Para evitar a solidão e facilitar a formação, desde 1989 os religiosos da Prelazia se reúnem duas vezes por ano, em janeiro e julho. Todos os missionários, incluindo os que vivem e trabalham em Tapauá, participam desses encontros fraternos que servem também para a coordenação de atividades e a definição comum de prioridades e programas pastorais.

Religiosos em formação inicial visitam e convivem com a comunidade de Tapauá. Ano 2010

D. Vocações locais

A Prelazia de Lábrea e a Paróquia de Santa Rita de Tapauá sempre tiveram, como religiosos e sacerdotes, pessoas nascidas fora do Amazonas.
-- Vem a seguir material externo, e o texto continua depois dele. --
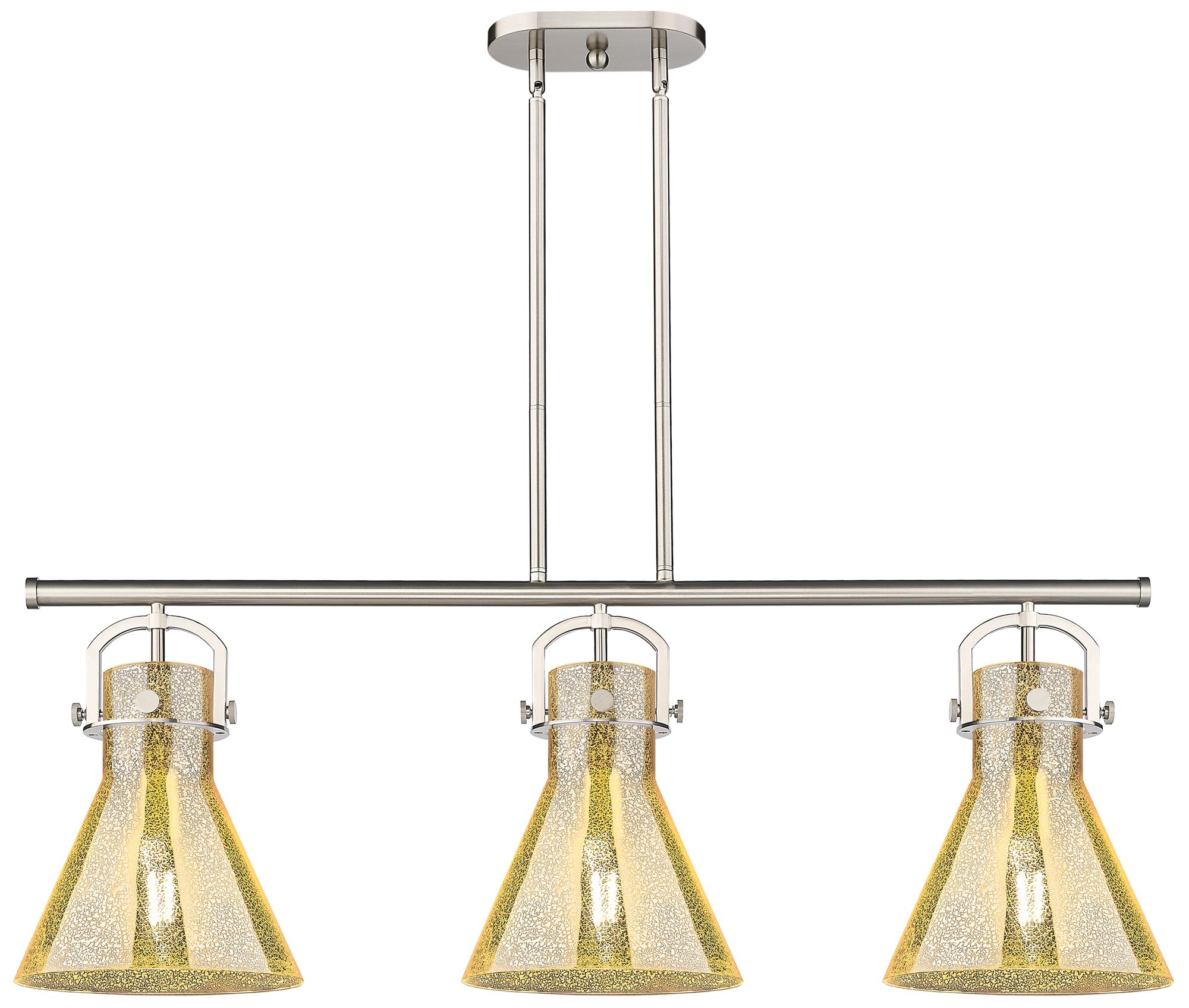 Newton Bell 42"W 3 Light Nickel Stem Island Light w/ Mercury Shade

Brasileiros do sul do país (especialmente dos Estados de São Paulo, Rio de Janeiro e Espírito Santo) e estrangeiros da Espanha, Costa Rica, Escócia, Filipinas, do México e Estados Unidos, tem sido os pastores locais.
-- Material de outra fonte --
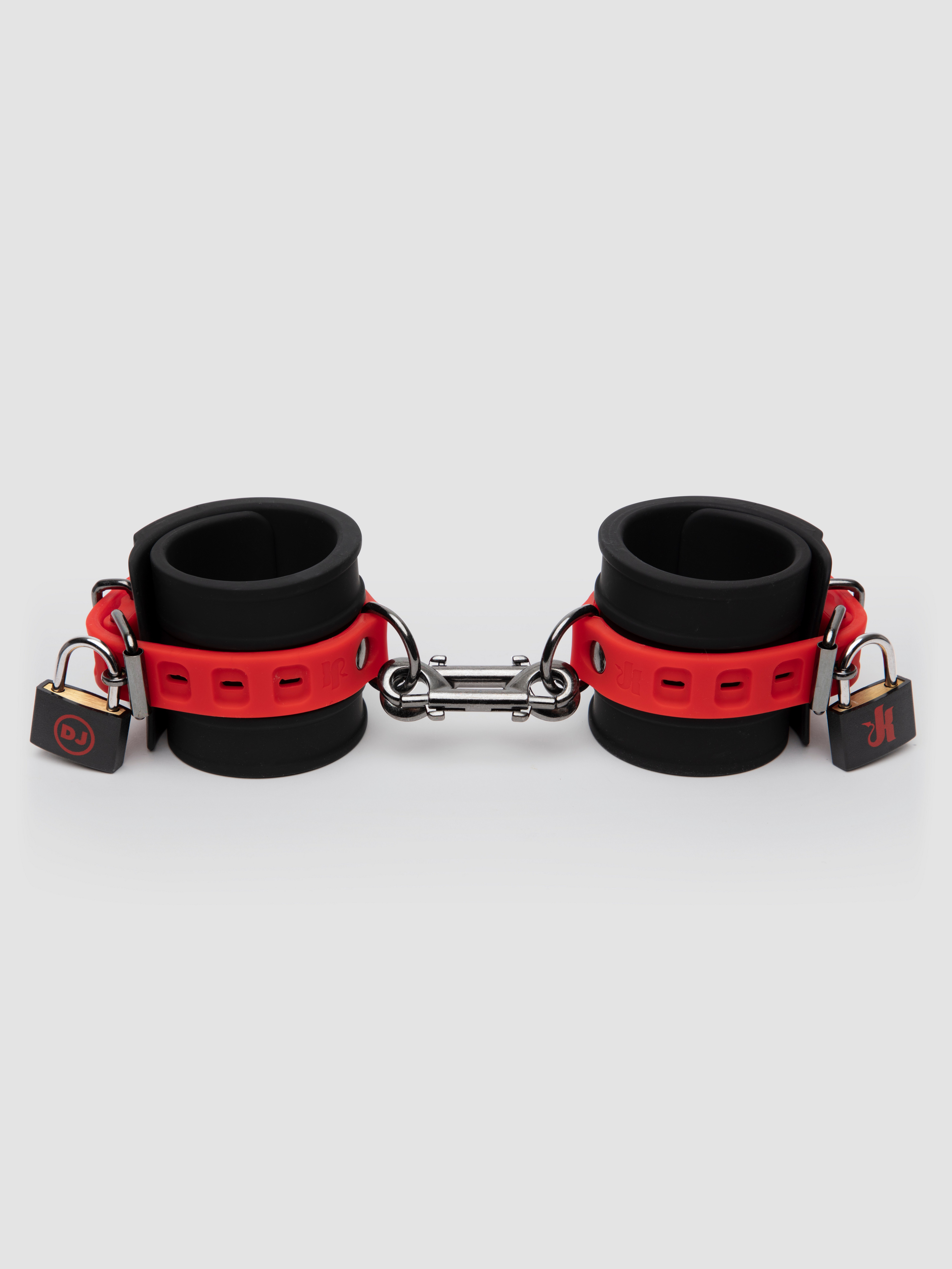 Buckle up for a kinky time. Smooth silicone and nickel-free metal come together in this pair of strong yet comfy-to-wear hand cuffs. Use the built-in D-rings to attach your sub's cuffs to all kinds of toys, like spreaders, hog ties and more.

A forma mais desejada de evitar a falta periódica de pessoal, tem sido desde sempre, a promoção de vocações locais. Mas o desejo nunca tem conseguido ser satisfatório. São oriundas da Prelazia de Lábrea algumas religiosas Missionárias Agostinianas Recoletas e alguns maristas. Nem os Agostinianos Recoletos nem o ansiado clero local como tal, tem conseguido surtir-se de pessoas nascidas e educadas na Prelazia.

Em 1982 se deu a primeira tentativa, com um seminarista de Tapauá que viveu na comunidade Recoleta de Canutama. Esta experiência, assim como outras duas de 1988 e 2008, não tiveram êxito. Um dos candidatos tapauaenses chegou até o noviciado, na Espanha, e abandonou antes de professar.

Tem-se tentado implantar a cultura vocacional, com equipes de Pastoral Vocacional. Deste trabalho tem surgido alguns jovens especialmente comprometidos, pessoas mais formadas, mas em nenhum caso se tem conseguido um fruto concreto de vida sacerdotal ou religiosa. As causas são diversas e compreensíveis. É difícil ter pessoas com suficiente formação para chegar a um processo de discernimento com expectativas reais de assumir a saída do lar e, talvez, da região. A educação é uma tarefa pendente; as famílias estão desestruturadas, o ambiente não oferece esta alternativa como viável, e os religiosos tem tantas necessidades pastorais e trabalhos, que não tem podido dedicar tempo ao acompanhamento personalizado.

Reunião da equipe de pastoral vocacional paroquial em 2002.